**Exercise materials**

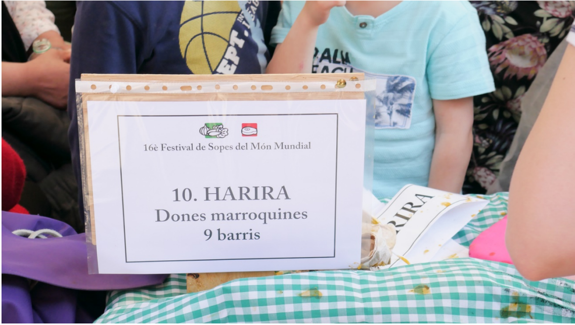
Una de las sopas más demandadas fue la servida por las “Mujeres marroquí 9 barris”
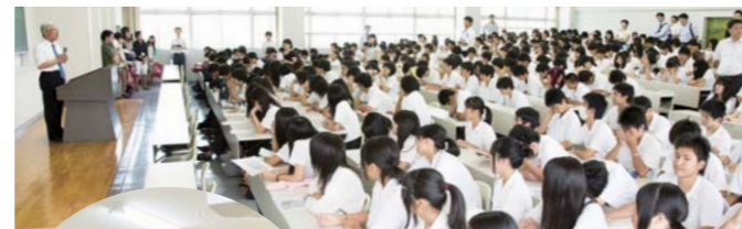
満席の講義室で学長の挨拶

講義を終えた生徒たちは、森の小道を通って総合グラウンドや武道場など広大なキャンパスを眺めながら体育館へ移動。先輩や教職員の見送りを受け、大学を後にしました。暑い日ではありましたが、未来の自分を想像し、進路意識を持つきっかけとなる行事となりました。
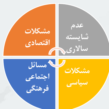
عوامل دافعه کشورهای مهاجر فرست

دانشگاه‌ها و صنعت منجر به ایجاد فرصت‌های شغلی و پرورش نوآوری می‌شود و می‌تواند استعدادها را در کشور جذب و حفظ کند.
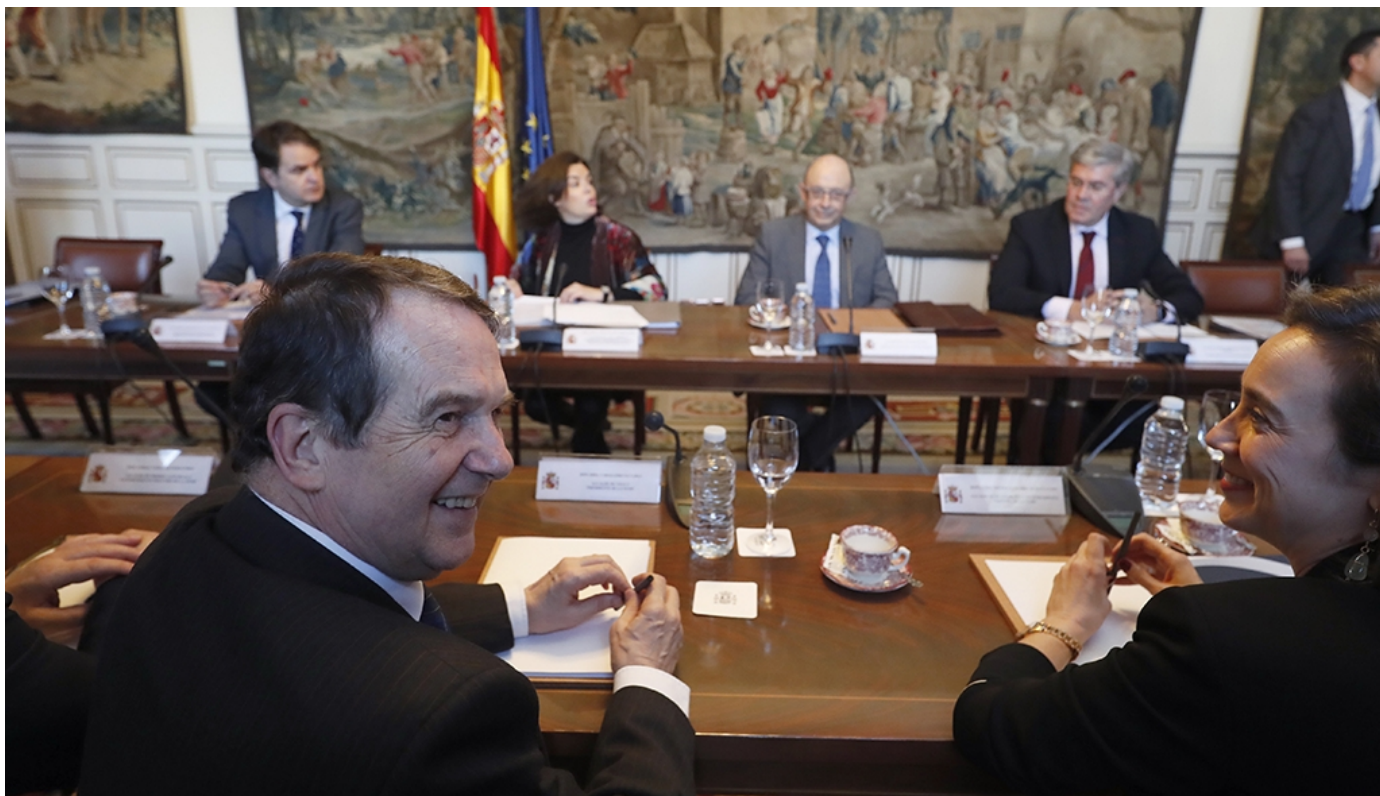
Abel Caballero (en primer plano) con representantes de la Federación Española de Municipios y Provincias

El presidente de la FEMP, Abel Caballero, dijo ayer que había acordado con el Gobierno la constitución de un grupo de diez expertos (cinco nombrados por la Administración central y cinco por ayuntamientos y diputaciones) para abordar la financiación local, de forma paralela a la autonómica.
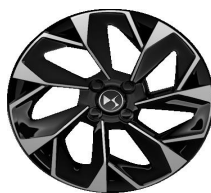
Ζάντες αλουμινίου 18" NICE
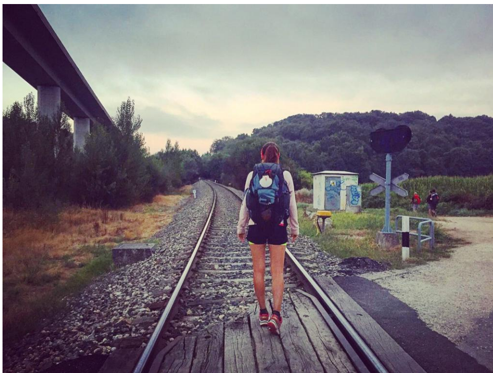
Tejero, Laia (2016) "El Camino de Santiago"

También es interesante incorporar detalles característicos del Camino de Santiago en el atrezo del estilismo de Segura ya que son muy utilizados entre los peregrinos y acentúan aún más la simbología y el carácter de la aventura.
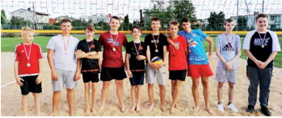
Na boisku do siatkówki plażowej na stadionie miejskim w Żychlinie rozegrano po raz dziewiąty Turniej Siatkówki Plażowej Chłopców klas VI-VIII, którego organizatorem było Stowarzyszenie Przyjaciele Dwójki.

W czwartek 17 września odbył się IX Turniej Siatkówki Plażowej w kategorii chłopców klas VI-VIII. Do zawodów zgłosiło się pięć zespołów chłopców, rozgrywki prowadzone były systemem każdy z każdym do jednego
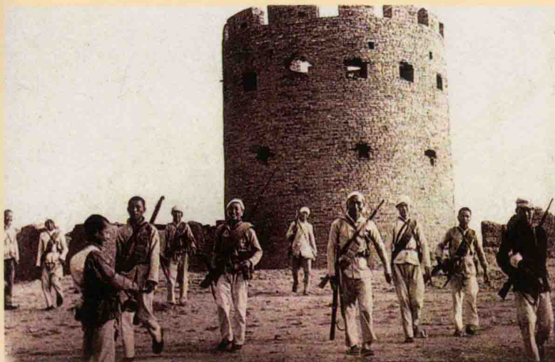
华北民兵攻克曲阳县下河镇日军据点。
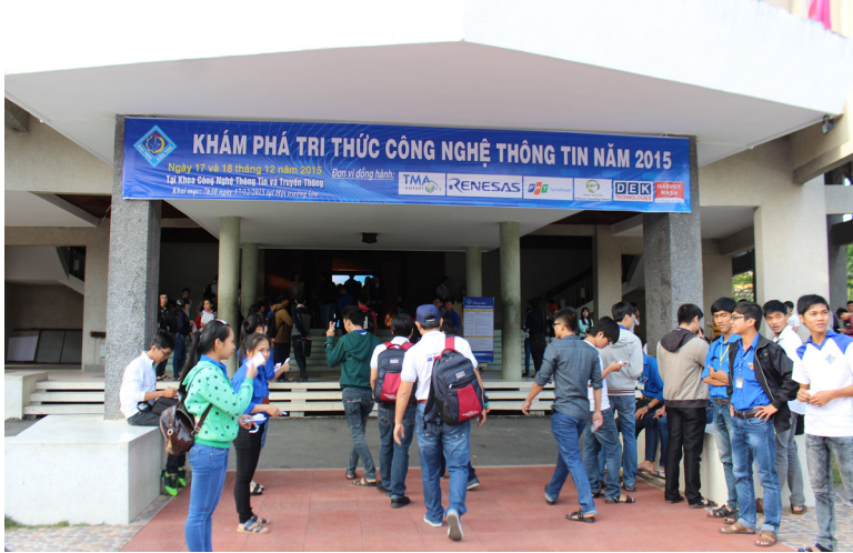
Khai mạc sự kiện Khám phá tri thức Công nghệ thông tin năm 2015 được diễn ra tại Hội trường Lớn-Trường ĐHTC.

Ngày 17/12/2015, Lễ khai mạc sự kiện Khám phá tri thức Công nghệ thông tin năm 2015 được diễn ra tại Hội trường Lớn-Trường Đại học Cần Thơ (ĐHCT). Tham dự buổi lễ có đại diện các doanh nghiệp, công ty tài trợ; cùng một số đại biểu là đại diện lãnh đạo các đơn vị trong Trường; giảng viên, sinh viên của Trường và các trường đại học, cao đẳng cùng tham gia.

* * *

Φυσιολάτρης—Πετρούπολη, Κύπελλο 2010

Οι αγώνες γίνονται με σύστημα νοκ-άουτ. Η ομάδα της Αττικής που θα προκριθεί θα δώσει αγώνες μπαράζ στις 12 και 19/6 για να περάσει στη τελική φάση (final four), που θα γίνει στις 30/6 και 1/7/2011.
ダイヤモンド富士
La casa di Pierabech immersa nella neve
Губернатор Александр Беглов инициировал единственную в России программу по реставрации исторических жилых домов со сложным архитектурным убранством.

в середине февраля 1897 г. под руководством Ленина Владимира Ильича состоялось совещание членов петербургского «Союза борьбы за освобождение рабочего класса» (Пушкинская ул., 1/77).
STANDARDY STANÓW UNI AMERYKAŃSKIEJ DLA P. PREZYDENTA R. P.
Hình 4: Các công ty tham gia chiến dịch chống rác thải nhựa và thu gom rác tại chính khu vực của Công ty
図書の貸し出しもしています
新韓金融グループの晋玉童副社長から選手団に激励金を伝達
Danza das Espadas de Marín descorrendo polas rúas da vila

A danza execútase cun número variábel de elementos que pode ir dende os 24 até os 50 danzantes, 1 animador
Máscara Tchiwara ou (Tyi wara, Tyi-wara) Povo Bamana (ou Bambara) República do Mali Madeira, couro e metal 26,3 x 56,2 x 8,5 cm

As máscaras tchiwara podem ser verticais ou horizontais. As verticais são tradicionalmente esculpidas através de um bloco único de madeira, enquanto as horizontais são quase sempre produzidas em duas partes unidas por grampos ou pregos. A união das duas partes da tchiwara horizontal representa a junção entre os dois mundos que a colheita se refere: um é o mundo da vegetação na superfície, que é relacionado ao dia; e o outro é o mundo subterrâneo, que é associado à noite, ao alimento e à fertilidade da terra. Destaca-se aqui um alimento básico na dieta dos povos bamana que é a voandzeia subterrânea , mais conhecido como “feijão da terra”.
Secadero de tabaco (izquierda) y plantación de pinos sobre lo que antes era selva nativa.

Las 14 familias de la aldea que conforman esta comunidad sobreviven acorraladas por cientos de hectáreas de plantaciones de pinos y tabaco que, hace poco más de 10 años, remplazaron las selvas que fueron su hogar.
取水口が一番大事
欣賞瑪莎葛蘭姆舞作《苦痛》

**Directions for this task**
Within the data above, how many lines include the string "Santiago"? Only the number is required.

**Completed exercise**
2